Idlib the latest example of UN’s irrelevance
Almost a decade after it started - and after many, many chemical weapons attacks on civilian populations, the systematic use of starvation sieges, and the utter devastation of entire cities and regions at the hands of the Damascus government and its Russian and Iranian allies - the Syrian civil war is still raging, and it is still seeing an escalation of human brutality with almost every passing month.
Now, Mark Cutts, the UN deputy regional humanitarian coordinator for Syria, is expecting that the regime's latest assault on Idlib province, the last major rebel holdout in the country, will see "a massacre on a scale that has never been seen in this entire war."
In situations such as these, there are normally two avenues to head off a complete humanitarian disaster. The first is for the UN Security Council to fulfil its obligations under international law and deploy peacekeeping troops to separate the warring sides. The second is for some Western country or alliance, usually headed by the US, to intervene with overwhelming force against the aggressors.
However, the US has long washed its hands of Syria and has no standing to intervene now, after it failed to enforce its own red lines on the use of chemical weapons earlier in the war under the Obama administration. Under President Donald Trump, it also has no interest in humanitarian interventions.
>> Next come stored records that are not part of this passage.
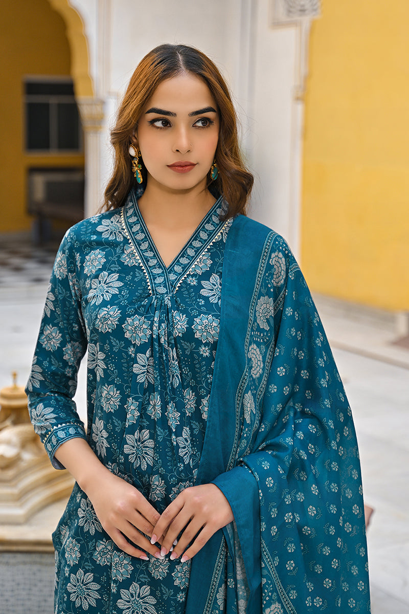 Soft Hues And Floral Prints Define This Blue Rayon Blend Kurta Set. Designed For Everyday Ease And Subtle Charm, It Comes With Coordinated Pants And A Dupatta — Easy To Wear, Hard To Ignore.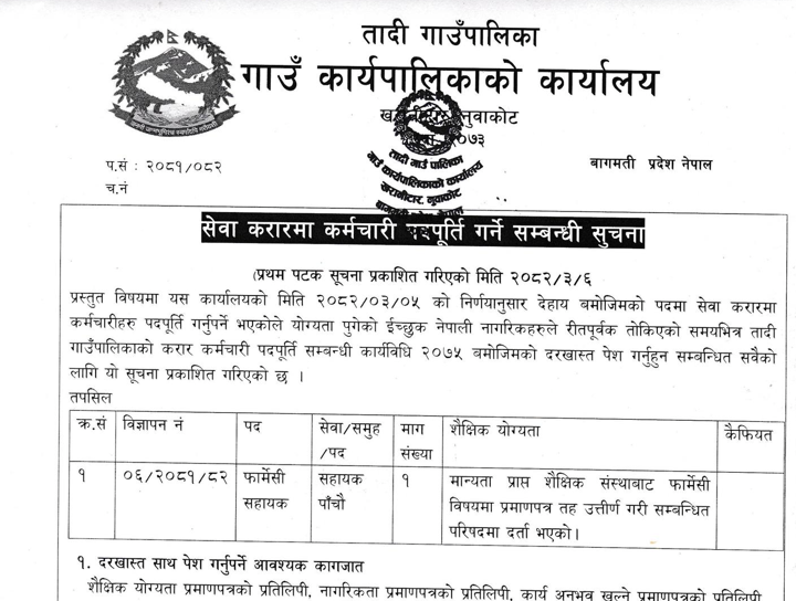 तादी गाउँपालिका खरानीटार नुवाकोटमा फार्मेसी सहायक आवश्यकता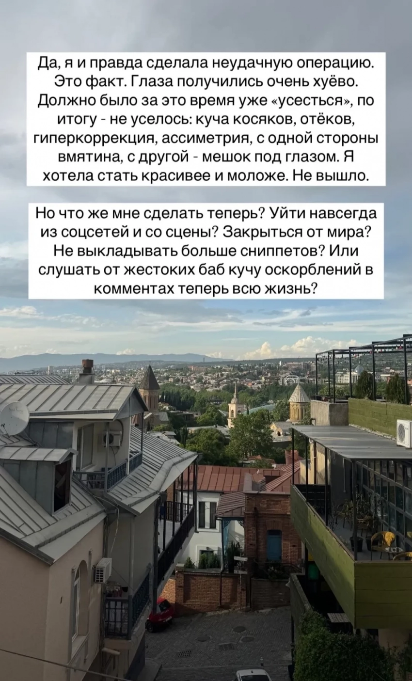 Рита ДакотаРита Дакота"Да, я и правда сделала неудачную операцию. Это факт. Глаза получились очень ***** (плохо. — Прим. ред.). Должно было за это время уже "усестья", но по итогу не уселось: куча косяков, отеков, гиперкоррекция, асимметрия, с одной стороны вмятина, с другой — мешок под глазом. Я хотела стать красивее и моложе. Не вышло", — написала Рита.
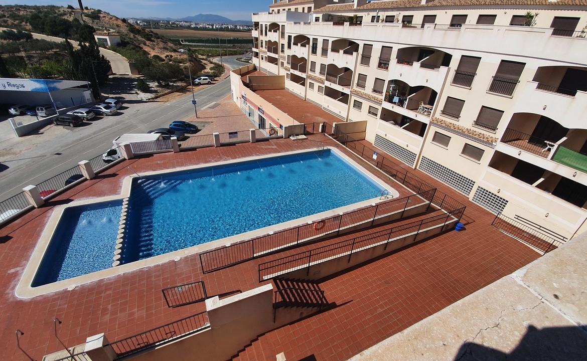 Open plan kitchen, nice size lounge and a massive terrace, south facing and views over communal pool, mountain views, and distance views to Hacienda Riquelme Golf Resort.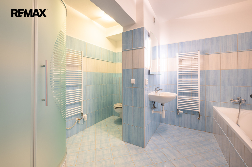 Byt dále nabízí dva samostatné pokoje, které skvěle poslouží jako ložnice, dětský pokoj nebo pracovna. Dispozice je praktická a funkční, bez zbytečných hluchých míst. Koupelna je řešena společně s WC a nabízí jak vanu, tak i sprchový kout, což přináší maximální komfort pro každodenní fungování.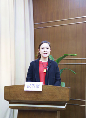 圖為公司財務(wù)總監(jiān)章彩霞在宣讀議案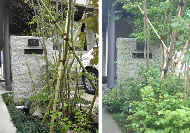 坪庭に植えた黒竹の新芽が伸びて来た。
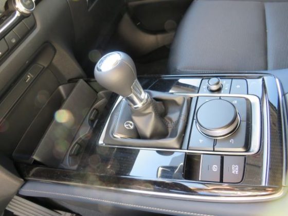 A qualidade dos materiais é excelente, típico da Mazda, que tem os melhores interiores do seu segmento. Há material suave com efeito pesponto no topo do tablier e, na parte central um revestimento em pele. Na consola central temos um plástico piano black que não fica muito sujo com as dedadas, e, em volta do mesmo temos um material suave com efeito pesponto. No topo das portas existe também material suave, os frisos são em pele com efeito pesponto e no descanso do cotovelo é em pele muito suave. No que toca às portas traseiras já perdemos um pouco de qualidade, não na parte central e encosto de cotovelo, mas na parte superior que é toda em plástico.

And, as far as the UN is concerned, one permanent member of the Security Council, Russia, will be at the forefront of the killing in northern Syria, just as it has been at the forefront of the sieges of civilian areas and the deliberate and systematic targeting of civilian hospitals and international medical organizations in the years since it joined the war on the side of Damascus. Any move by any other Security Council member aimed at doing anything about the situation in Syria will be vetoed by Moscow. Western countries have long since stopped trying.
As so many times before, this leaves us asking: Just what is the UN for if it cannot and will not do anything about even unquestionable humanitarian disasters, like Syria, Myanmar, Yemen and so many others proliferating around the world at the moment?
In the best case scenario, the Security Council can just about get itself to do stuff when some far-off small country, in which no permanent member has an interest, does something truly horrific. For reference, Rwanda did not count as far-off and small enough to meet the criteria - in that case, it was protected by France.
Nowadays, any country that is not at least in some sense a protectorate of the US, or a former colonial possession of Britain or France with close ties to their former imperial masters, can count almost by default on Russian or Chinese backing in the Security Council. China will back just about any country that is willing to embrace an expansion of Chinese influence and commercial ties, as it rises to a prominent position in the global trading system. Meanwhile, Russia is desperately flailing around, grasping at any opportunity for geopolitical relevance and any opportunity to stick it to the West - mostly driven by internal politics in Moscow, as well as Vladimir Putin's Cold War fixations.
Just what is the UN for if it cannot and will not do anything about even unquestionable humanitarian disasters?
Dr. Azeem Ibrahim
For these two reasons, just about any conflict and any humanitarian abuse anywhere in the world is an opportunity for a proxy conflict between Russia and the West, or an opportunity for Beijing to gain leverage over some smaller nation so as to draw it into their sphere of influence. Thus, one can guarantee that any attempt by any side to do anything through the Security Council will be vetoed by some member or other.
There has been exactly one occasion when this was not the case: In the 1990s, when American reigned supreme, Russia had no desire or capacity to relitigate the Cold War, and China was not yet a global player. That world is gone. And, with it, any chance that the Security Council can serve any purpose. So we find ourselves once again calling for a complete overhaul of the Security Council and the UN system, and the abolition of the unilateral vetoes.
Dr Azeem Ibrahim is the Director of the Displacement and Migration Program at the Center for Global Policy in Washington, D.C., where he chairs the Rohingya Legal Forum. He is also author of "Rohingya: Inside Myanmar's Genocide" (Hurst 2017).